No single person discovered algebra, since various people in different parts of the world discovered it at different times. Some aspects of algebra were even discovered multiple times by different people who were unaware of each other. Virtually every major civilization worked out some portion of the algebraic puzzle, although certain people like Diophantus, Muhammad Ibn Musa al-Khwarizmi and Gottfried Leibniz made more significant contributions.
The Babylonians pioneered many of the basic usages of algebra. A tablet dated between 1900 and 1600 B.C. contains Pythagorean triples and other advanced mathematics. There is also evidence of rudimentary algebra in Ancient Egypt, including a document on linear equations that is one of the earliest mathematical proofs ever discovered. While the Ancient Greeks were better known for other forms of mathematics, they did devise a form of geometric algebra that used the sides of objects to represent algebraic terms.
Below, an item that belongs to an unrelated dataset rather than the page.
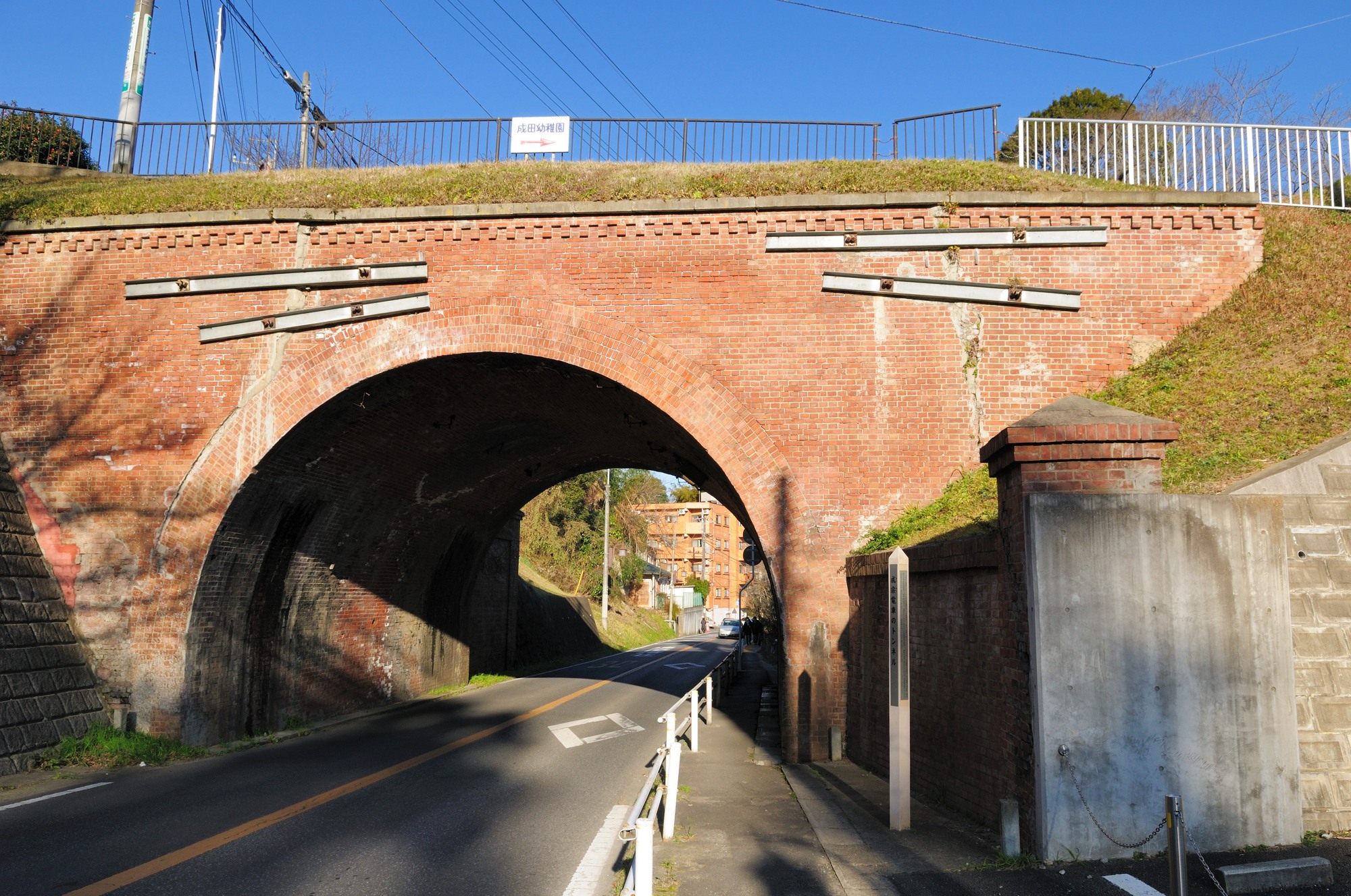 この道路は電車道と言われていて,昔,本当に成田から隣町の宗吾参道まで電車が走っていたようです。途中2箇所レンガのトンネルがあるのは,電車用のトンネルだったらしいです。いつもは車で何気なく走っている道を,たまに歩いてみると面白い発見があるものです。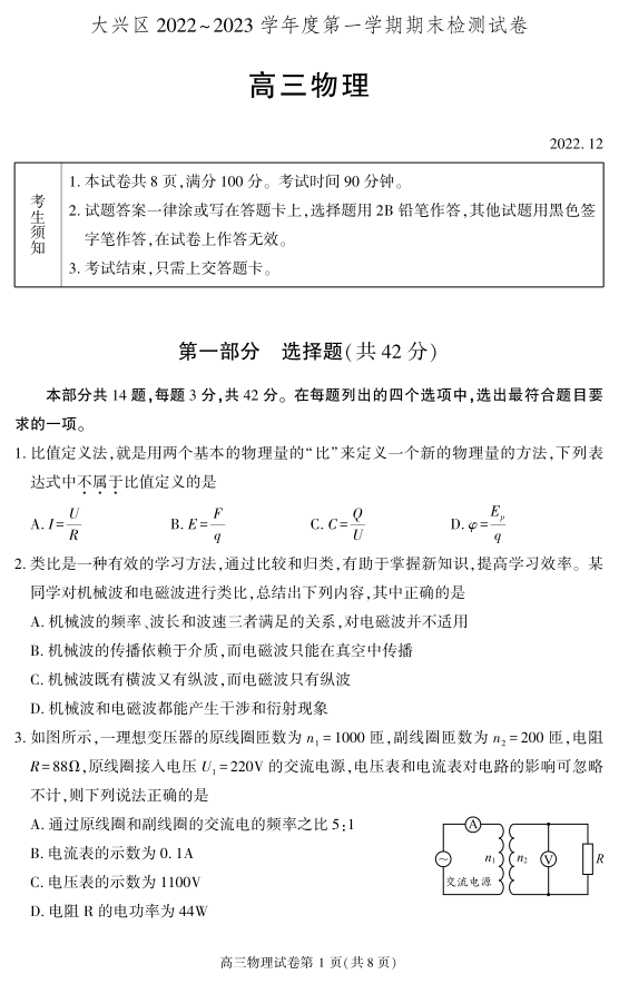 高三物理-北京市大兴区2023届高三上学期期末检测

Mathematicians from present day India and China also developed early versions of algebra, with the modern algebraic term "Modus Indorum" referring specifically to an algebraic method devised in India.
Two of the most important people in the history of algebra are Diophantus and al-Khwarizmi. The former is frequently referred to as "the father of algebra," and his treatise "Arithmetica" was the first to use symbols to represent unknown numbers. Al-Khwarizmi was the first to distinguish algebra from geometry and arithmetic, and he pioneered the concept of balancing and reducing the sides of an equation. The word algebra refers to his work "Hidab al-Jabr wal-Muqubala," or "The Book of Restoration and Balance."
Since then, Europeans like Francois Viete and Gottfried Leibniz and scholars from other parts of the world, such as Seki Kowa, have refined mathematicians understanding of algebra.